— Work task —
Drop the pictures, then extract the listing word for word.

**** Recorded data

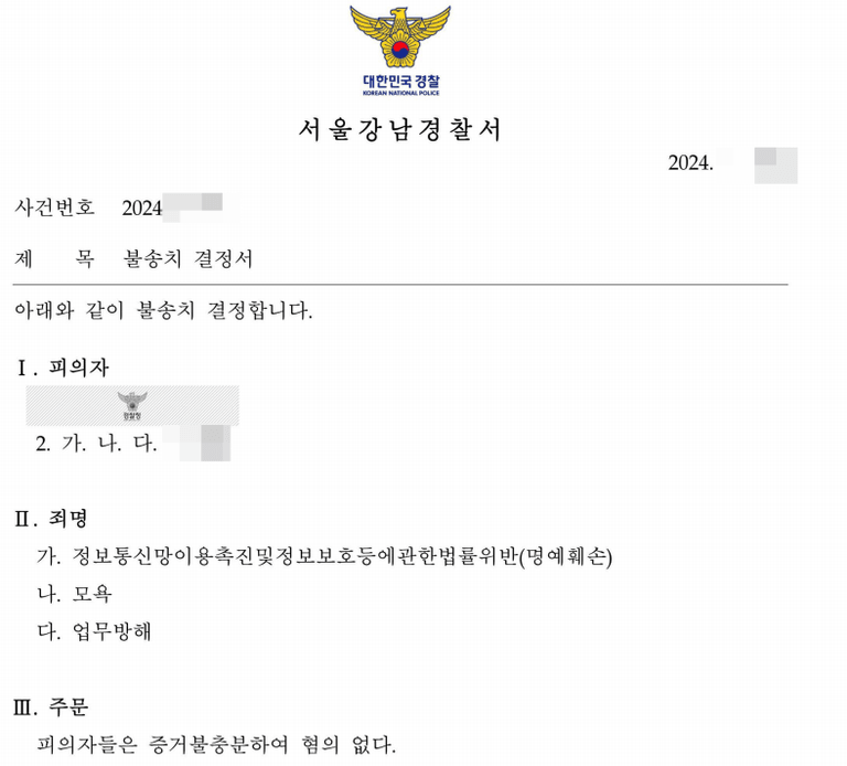 명예훼손 및 모욕죄 리뷰 고소 불송치 사례
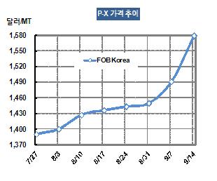 P-X 가격은 9월14일 FOB Korea 톤당 1580달러로 88달러 폭등했다. 특히, 미국 연방준비제도위원회가 월 400억달러를 풀고 금리를 동결키로 결정한 것이 큰 영향을 미쳤다. 글로벌 경제에 활력소로 작용할 수 있기 때문이다. 표, 그래프: < P-X 가격추이 > <화학저널 2012/09/20> |
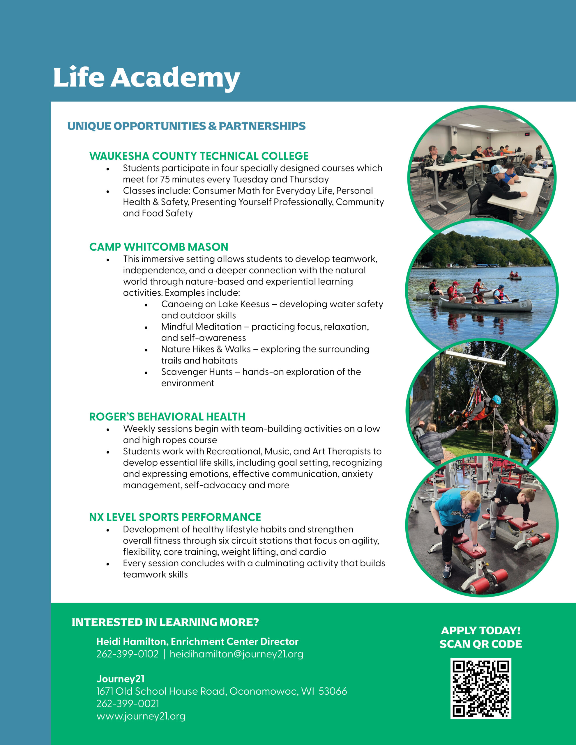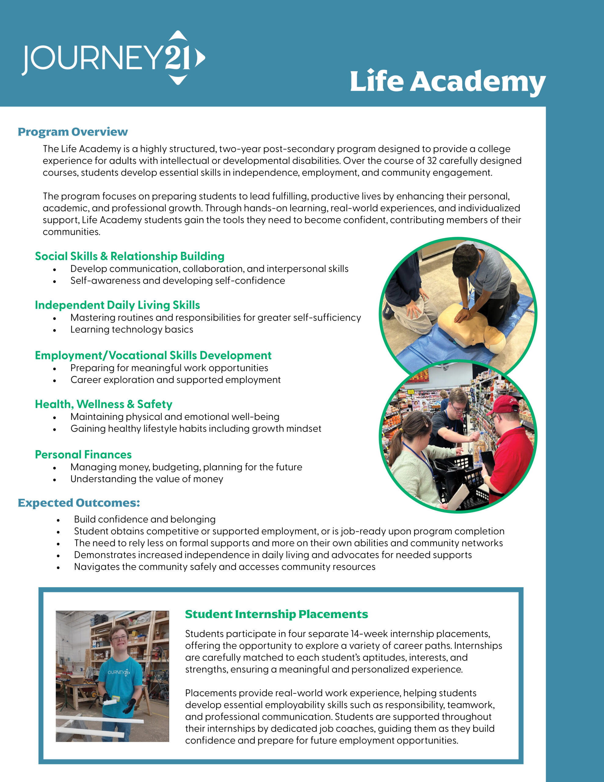 The program focuses on preparing students to lead fulfilling, productive lives by enhancing their personal, academic, and professional growth. Through hands-on learning, real-world experiences, and individualized support, Life Academy students gain the tools they need to become confident, contributing members of their communities.
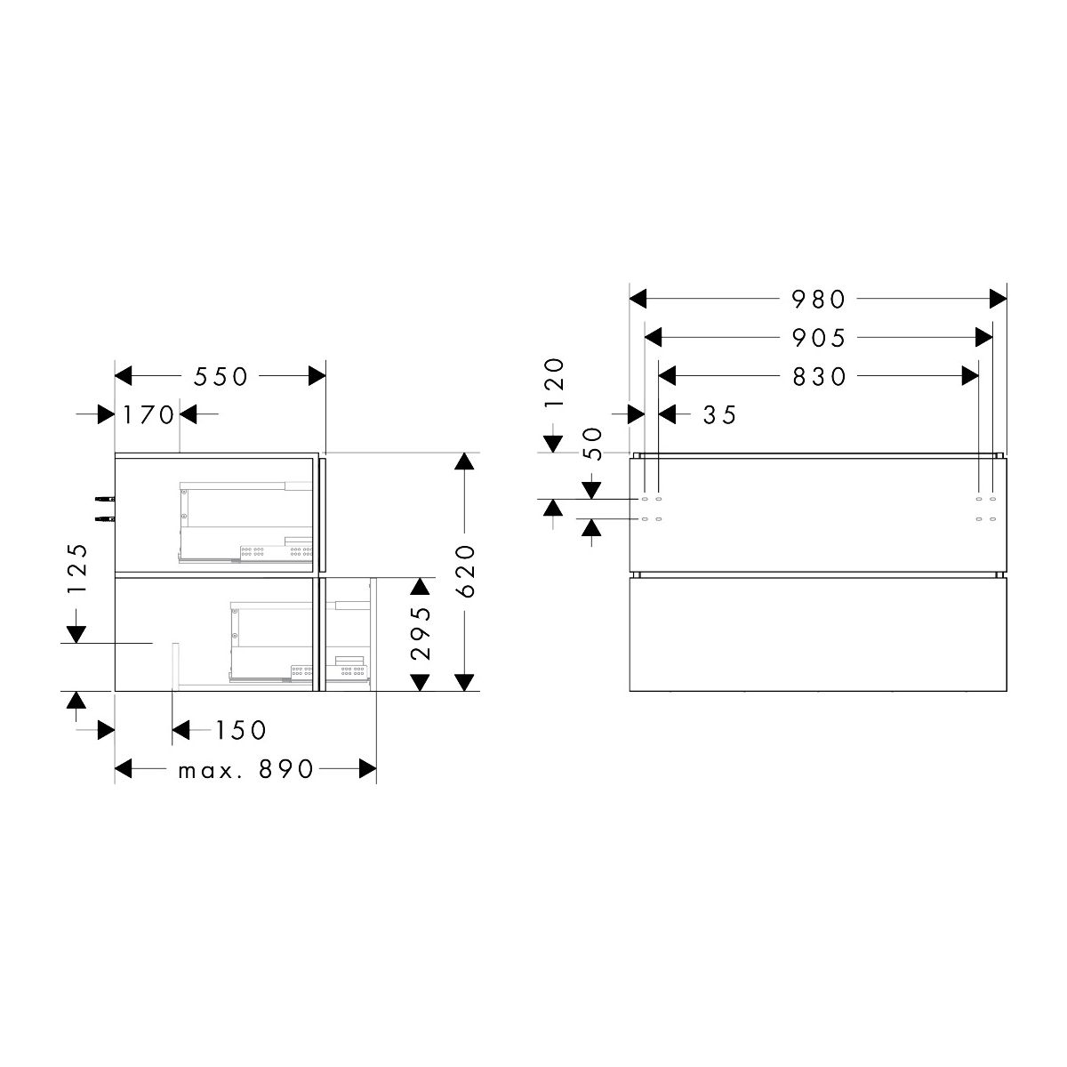 - è necessario un sifone salvaspazio (n. 54235000) da ordinare separatamente

********

— Answer area —
 명예훼손 및 모욕죄 리뷰 고소 불송치 사례
 P-X 가격은 9월14일 FOB Korea 톤당 1580달러로 88달러 폭등했다. 특히, 미국 연방준비제도위원회가 월 400억달러를 풀고 금리를 동결키로 결정한 것이 큰 영향을 미쳤다. 글로벌 경제에 활력소로 작용할 수 있기 때문이다. 표, 그래프: < P-X 가격추이 > <화학저널 2012/09/20> |
 The program focuses on preparing students to lead fulfilling, productive lives by enhancing their personal, academic, and professional growth. Through hands-on learning, real-world experiences, and individualized support, Life Academy students gain the tools they need to become confident, contributing members of their communities.
 - è necessario un sifone salvaspazio (n. 54235000) da ordinare separatamente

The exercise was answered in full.